The Yorkshire region fares well in the retail sector with both Leeds and Sheffield ranked in the UK’s top 10 growth cities according to CBRE’s latest research report ‘Which City? Which Sector? Real Estate Prospects over the Next Decade’. Which City? Which Sector? | CBRE UK Leeds is ranked fourth in the retail sector with Sheffield positioned eighth.

CBRE examined the growth prospects for 12 real estate sectors across the 50 largest regional towns and cities in the UK. Findings were informed by economic drivers (including GDP, employment and income growth), demographic trends and property market data such as supply pipeline, local universities and housing affordability. The top 10 performing cities and growth sectors were identified.

Ram Rasiah, senior director, CBRE said; “It’s great to see two Yorkshire cities in the top 10 list. Retail continues to adapt to changing consumer habits and repositioning the role of the store. While small, local destinations continue to remain relevant through their convenience and regional schemes benefit from their critical mass, the performance of mid-sized locations has been more challenged.

“In contrast, larger locations deliver a greater catchment potential. And aligning these trends, population and expected population growth were among the metrics used in our analysis. Birmingham ranks strongest in this measure, followed by Leeds and Glasgow,” continued Rasiah.

Birmingham took the top spot for retail followed by Bristol and Manchester respectively.

Retail performance is not only driven by scale. CBRE’s research has shown that affluent cities see healthier property performance, have lower vacancy rates and experience higher rental and capital value growth. A review of average household incomes ranks Sheffield highly versus other locations. A comparison of cities highlights Bristol and Manchester with the strongest growth potential.

In addition, a critical driver of a retail location’s performance is the balance of supply and demand. Allowing for a shift of some spend online, CBRE estimates that the volume of retail floor space in the UK will need to decrease by 16 per cent to reach average sales densities of 2015-2020.

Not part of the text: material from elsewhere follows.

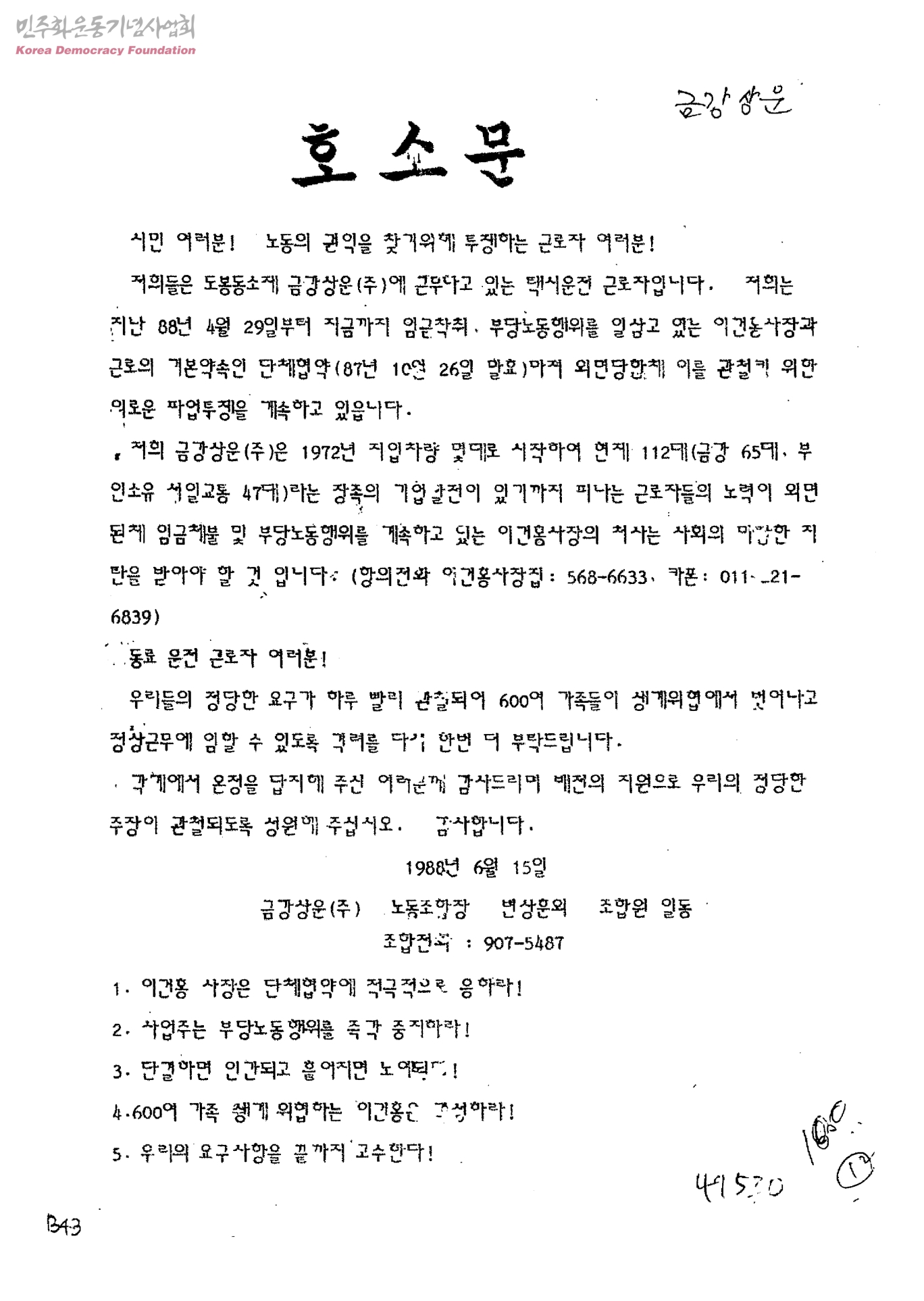 호소문[금강상운 이건홍사장의 임금채불 및 부당노동행위 관련]

Ranking cities by floorspace per capita and a review of vacancy rate data, gives an indication of potential oversupply in locations. The majority of the top ten potential growth cities identified have a lower retail floor space per capita than the sample average, with Sheffield and Bristol in the strongest position.

Leeds ranked sixth in the office sector with Sheffield taking the eighth position for growth cities. Manchester, Bristol and Birmingham placed as the top three growth cities in this sector.

Supply factors are also key when considering a market’s ability to support future demand. In the flight to quality office space, CBRE expects pre-letting of development space to continue. 29 per cent of space under construction is already pre-let or under offer in eight of the top ten markets where CBRE tracks pipeline data.

Jennet Siebrits, UK head of research at CBRE said:“Leeds, which has one of the most diverse economies in the UK, ranked particularly well in the office and retail sectors and Sheffield was ranked among the highest cities respectively for projected growth in the urban logistics sector.

“The way towns and cities evolve is very much reflective of their local geographies, natural resources and cultural history. As a result, no two UK cities are the same and subsequently, different real estate sectors thrive in different locations. Real estate professionals need to be mindful of these differences to help inform their future strategies.”